The last lines of Linda Gregg’s poem “The Girl I Call Alma” read:
Tell me we are one
and that it’s the others who scar me,
not you.
But the first edition of the book, which I have, has a typo. Those lines read:
Tell me we are one
and that it’s the others who scare me,
not you.
For years, I thought the poem with the typo was the correct version. It resonates with me because of my trauma history. Being scared. Being scared. And wanting the person who’s scaring me not to be the person who’s scaring me. Father, mother, like the parents in Sharon Olds’ poem “Satan Says.” Like that. And more. And others. And this always-fear like the fear Hannah Gadsby talks about, only it’s not just a fear of rooms full of men. It’s people. People do such harm. They are terrifying.
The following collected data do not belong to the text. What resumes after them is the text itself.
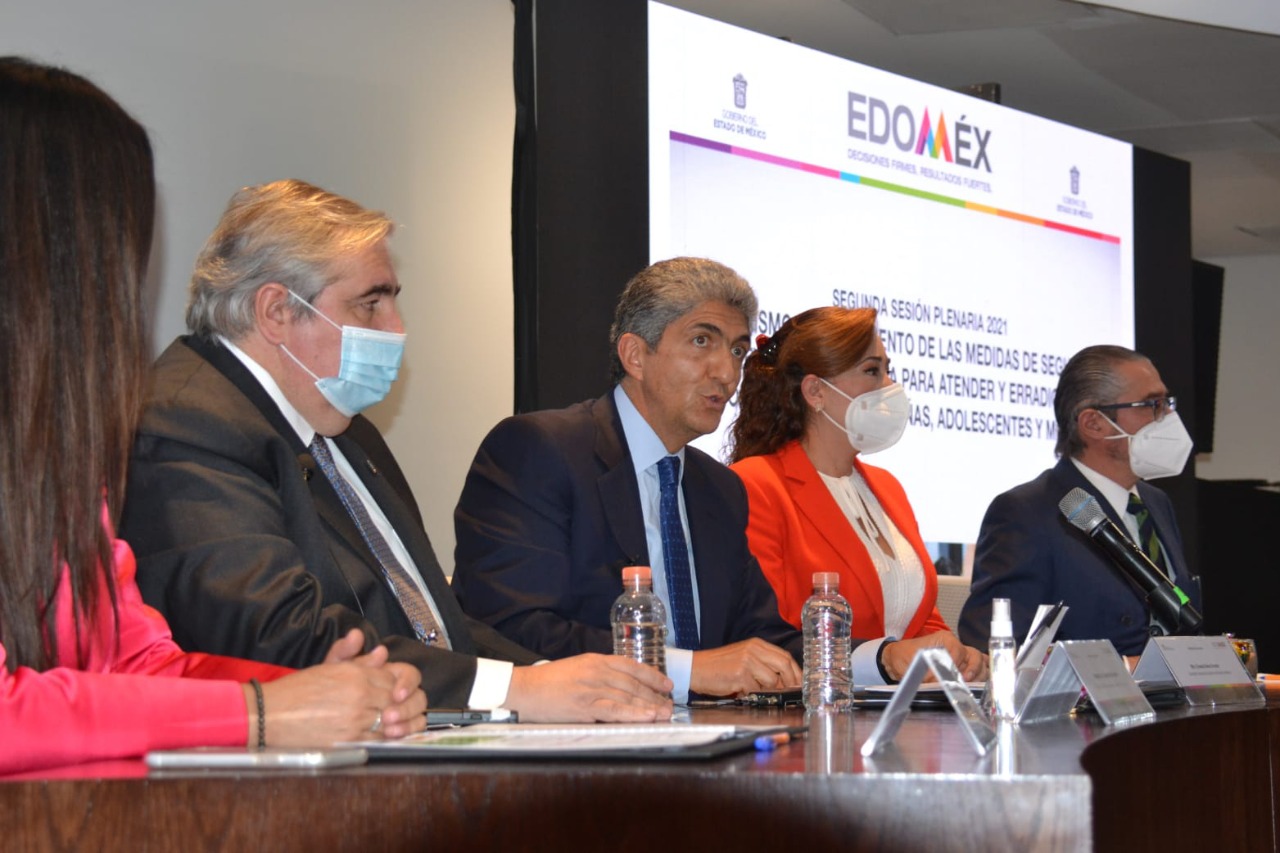 Toluca, Estado de México, 29 de septiembre de 2021. El Secretario General de Gobierno, Ernesto Nemer Alvarez, clausuró los trabajos de la “Segunda Sesión Plenaria del Mecanismo de Seguimiento de las Medidas de Seguridad, Prevención y Justicia para Atender y Erradicar la Violencia Contra las Niñas, Adolescentes y Mujeres”.
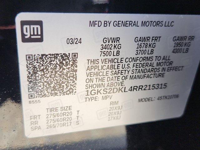- VIN : 1GKS2DKL4RR215315
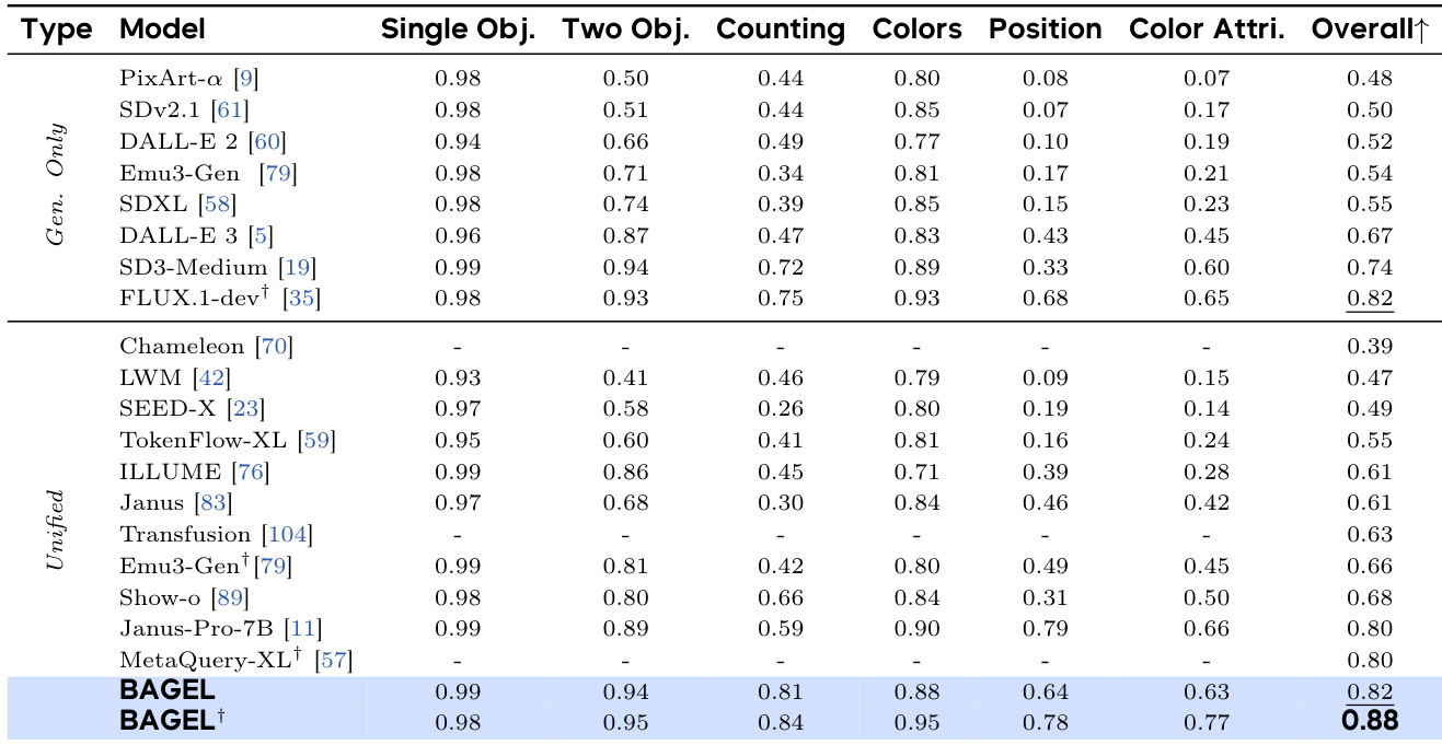 • On GenEval, BAGEL achieved 88% score, surpassing specialized models (FLUX-1-dev: 82%, SD3-Medium: 74%) and unified models (Janus-Pro: 80%, MetaQuery-XL: 80%).
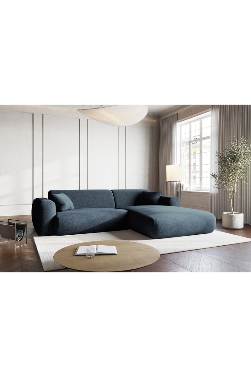 Canapé d'angle droit Theo - Bleu - 4 places - En tissu chenille soyeux

Maybe Jon’s right. Maybe I shouldn’t write poetry because poetry puts me in the world, and that’s hard for him because it’s hard for me. And he doesn’t like it. And I’m not scared of him, at least there’s that. But I’d rather face my fears than hide from the world even if the latter makes him happier or “us” happier, as he says.
Scare. Scar. I’d rather be scared than scarred. Both work. Both versions of the poem work. I’m probably scared and scarred. At least I no longer think I’m a monster or the devil, both of which I was pretty certain of a couple of years ago. Because I am of my father. Of him. Of that. I was always his. And he was a monster, a devil.